Transmission electron microscopy revealed major structural alterations in the nucleoid and envelope of the mutant as well as its smaller size, the first such exponential phase phenotypes observed in any ppk1 mutant. Adaptation to stationary phase begins several generations before its onset (20), suggesting a role for PPK1 in the earliest stages of this process. By inspection, as in Fig. 2, nucleoids in the mutant are strikingly compacted and the cytoplasm is irregularly distributed within all cells. However, the digitally determined mean estimates for WT and mutant relative nucleoid areas in the micrograph cross-sections differ by <50% (41% and 26%, respectively, with considerable variations). This discrepancy is likely due to the difficulty in determining the precise location of the WT nucleoid because it is distributed within the cell with other components.

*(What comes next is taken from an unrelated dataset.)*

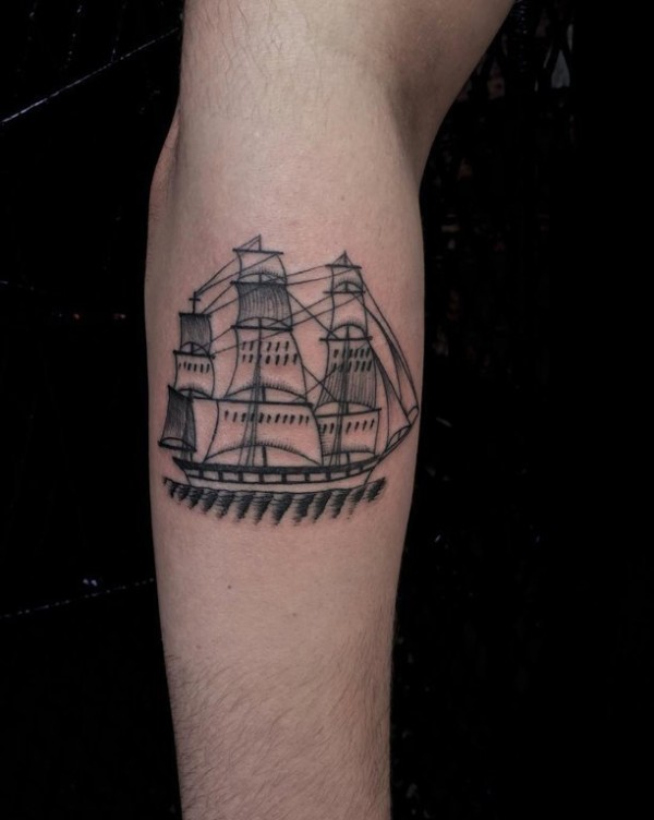 男生手臂上黑色点刺技巧几何简单线条帆船纹身图片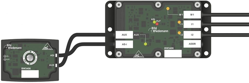 Bihl+Wiedemann hat speziell für die Montage im Kabelkanal eine Gehäusevariante entwickelt, die sich durch ihre flache Bauform von 90x80x18mm auszeichnet und damit für vielfältige Montagesituationen eignet. Neben den beiden Motormodulen für 24V-Rollenantriebe von Herstellern wie Itoh Denki, Interroll oder Rulmeca ist das Gehäuse jetzt auch für das AS-i-Motormodul für SEW-Frequenzumrichter der Serie BW3406 verfügbar. Mit dem Modul zur Steuerung eines Movimot-Antriebs, das einen integrierten Passivverteiler beinhaltet, lassen sich folgende Funktionen realisieren: Steuerung von Start/Stopp, Drehrichtung, Beschleunigungsrampe, Geschwindigkeit durch auswählbare feste Geschwindigkeitssollwerte und die einfache Ansteuerung von Festfrequenzen. Der Peripherieanschluss erfolgt über drei M12-Buchsen. Dabei ist eine für den Antrieb vorgesehen, über zwei weitere M12-Buchsen lassen sich bis zu zwei Sensoren anschließen. Die zwei digitalen Eingänge des in Schutzart IP54 ausgeführten Moduls werden aus dem Aktor/Sensor-Interface versorgt, der Anschluss an AS-i erfolgt über ein Profilkabel. Zusätzlich verfügt das Motormodul über LEDs für eine direkte Vor-Ort-Diagnose und eine Adressierbuchse für den Anschluss eines AS-i-Adressiergerätes.

It occupies most of the cell volume so the WT mean value reported is likely an underestimate.

This compaction resembles that observed in E. coli strains that overproduce the histone-like protein H-NS (21). That poly P can readily displace the bound DNA in isolated chromatin (K. Ishige and A.K., unpublished data) indicates the capacity of poly P to influence chromosomal structure and function. Further, DNA microarray data show large, global effects on gene expression in the mutant compared with the WT (K. Ishige and A.K., unpublished data). In the mutant, the arrangement of the inner and outer membranes and the interstitial periplasmic space appear distorted, perhaps as a consequence of the compacted nucleoid and its function. Although the defects in envelope ultrastructure and compacted nucleoid have not been demonstrated in any way to be related to the other observed mutant phenotypes, namely immotility and altered gene expression, respectively, such causal relationships are possible.

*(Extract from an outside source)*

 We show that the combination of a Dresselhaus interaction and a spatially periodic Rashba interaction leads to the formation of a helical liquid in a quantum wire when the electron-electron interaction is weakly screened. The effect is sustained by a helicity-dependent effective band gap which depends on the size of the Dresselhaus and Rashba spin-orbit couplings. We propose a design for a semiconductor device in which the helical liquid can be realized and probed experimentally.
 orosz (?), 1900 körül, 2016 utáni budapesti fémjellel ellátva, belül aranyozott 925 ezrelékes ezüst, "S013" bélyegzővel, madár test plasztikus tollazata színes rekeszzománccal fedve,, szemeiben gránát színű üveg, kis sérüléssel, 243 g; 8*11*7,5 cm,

Mutant cells fail to produce a WT biofilm (3) for which two explanations are now possible. The lack of planktonic flagellar and twitching motilities, both required for P. aeruginosa biofilm formation (22), may be sufficient. In addition, the failure of the mutant to produce exopolymers, as observed in 3-day-old cultures by scanning electron microscopy, would result in a defective biofilm architecture. Poly P may regulate the expression of alginate, a principal component of Pseudomonad exopolysaccharides (23). A mucoid strain of PA01 has higher levels of poly P than a nonmucoid strain; these levels are greatly reduced in a mutant of algR2, which encodes a master regulator of alginate synthesis. Poly P may be a sensor for alginate production or the source of the GTP required for the synthesis of the GDP-mannose alginate precursor. The coordinated regulation of these two polymers may occur at the transcriptional level. Some Pseudomonas genes, whose products are critical for alginate biosynthesis, exhibit regulation by the alternate sigma factor σ^E (24). Transcriptional analysis of ppk1 in P. aeruginosa 8830, a stable mucoid strain isolated from cystic fibrosis patient sputum, suggested regulation by a σ^E-responsive promoter (25); this has not been tested in PAO1.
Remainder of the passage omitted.